Ris 521. Trojglowy Frank
За Крысой стоит целая группа евреев, от которой то и дело кто-нибудь отделяется и подходит к алтарю. Сменяют друг друга крестные в праздничных, богатых одеждах. Играет орган, отчего высокий, красивый свод собора кажется еще выше – где-то там, сразу за крутыми арками, находятся небеса, на которые, вне всяких сомнений, попадут все, кто сейчас крестится. Терпкий запах высоких желтых цветов, которыми украшен алтарь, смешиваясь с запахом ладана, обретает изысканность, словно в соборе распылили лучшие восточные благовония.

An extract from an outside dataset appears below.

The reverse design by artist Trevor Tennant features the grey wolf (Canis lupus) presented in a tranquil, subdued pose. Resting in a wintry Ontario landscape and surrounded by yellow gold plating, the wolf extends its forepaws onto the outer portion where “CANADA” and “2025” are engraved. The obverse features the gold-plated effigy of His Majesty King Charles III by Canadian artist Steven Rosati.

Теперь идут стройные юноши, с волосами, подстриженными как у пажей, – это племянники Якова Франка – Павел, Ян и Антоний, а четвертый, нервно мнущий в руках шапку, – сын Хаима из Езежан, теперь Езежанского, Игнаций. На мгновение воцаряется тишина, потому что орган умолкает и уставший органист переворачивает ноты, готовясь сыграть следующий гимн. На мгновение становится слышен шелест страниц – так тихо в соборе. Потом снова гремит музыка, торжественная, патетическая, и вот к алтарю идет Франтишек Воловский, еще недавно Шломо Шор, сын Элиши, с сыном, семилетним Войцехом. За ним его отец, старший из людей Франка, шестидесятилетний Элиша Шор, величественный старец, которого поддерживают под руки две невестки, Розалия и Роза; он так и не оправился после того, как его избили. Следом за ними – жена Хаима Турка, теперь Каплинского, Барбара, красавица-валашка, вполне осознающая свою красоту и разрешающая зевакам любоваться собой. Ясно, что эти люди, склоняющие головы перед тем, как прикоснуться к мокрым пальцам митрополита – большая семья, разросшаяся словно дерево.

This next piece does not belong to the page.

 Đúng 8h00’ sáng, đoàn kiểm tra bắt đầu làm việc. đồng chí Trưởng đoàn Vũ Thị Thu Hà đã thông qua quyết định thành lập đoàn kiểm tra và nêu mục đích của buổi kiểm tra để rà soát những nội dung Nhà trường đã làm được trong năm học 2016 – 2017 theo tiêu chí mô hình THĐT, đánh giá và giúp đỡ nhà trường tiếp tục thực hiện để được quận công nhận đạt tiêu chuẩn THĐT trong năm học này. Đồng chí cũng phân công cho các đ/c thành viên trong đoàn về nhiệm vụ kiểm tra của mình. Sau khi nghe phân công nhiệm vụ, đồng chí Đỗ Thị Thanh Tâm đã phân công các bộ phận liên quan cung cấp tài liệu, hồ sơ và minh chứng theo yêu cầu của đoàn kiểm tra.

Именно так думает отец Микульский, глядя на них и пытаясь отыскать в их внешности, в их фигурах признаки родства. Ведь они крестят одну огромную семью; можно сказать, что это подольско-валашско-турецкая семья. Теперь в этих людях, одетых опрятно и настроенных торжественно, ощущается нечто новое – какое-то чувство собственного достоинства и уверенности, которых не было вчера, когда Генеральный администратор видел их на городских улицах. Его вдруг ужасает это новое обличье вчерашних евреев. Еще мгновение – и они протянут руки за шляхетскими титулами, ведь еврей, если крестится, имеет право на шляхетский титул. Если только готов как следует заплатить. Микульского охватывают сомнения, даже страх: они впускают в свои комнаты чужаков с непроницаемыми лицами и неясными, смутными намерениями. Ему кажется, что в собор вливается целая улица, и что они так и будут идти к алтарю до самого вечера, и конца этому не предвидится.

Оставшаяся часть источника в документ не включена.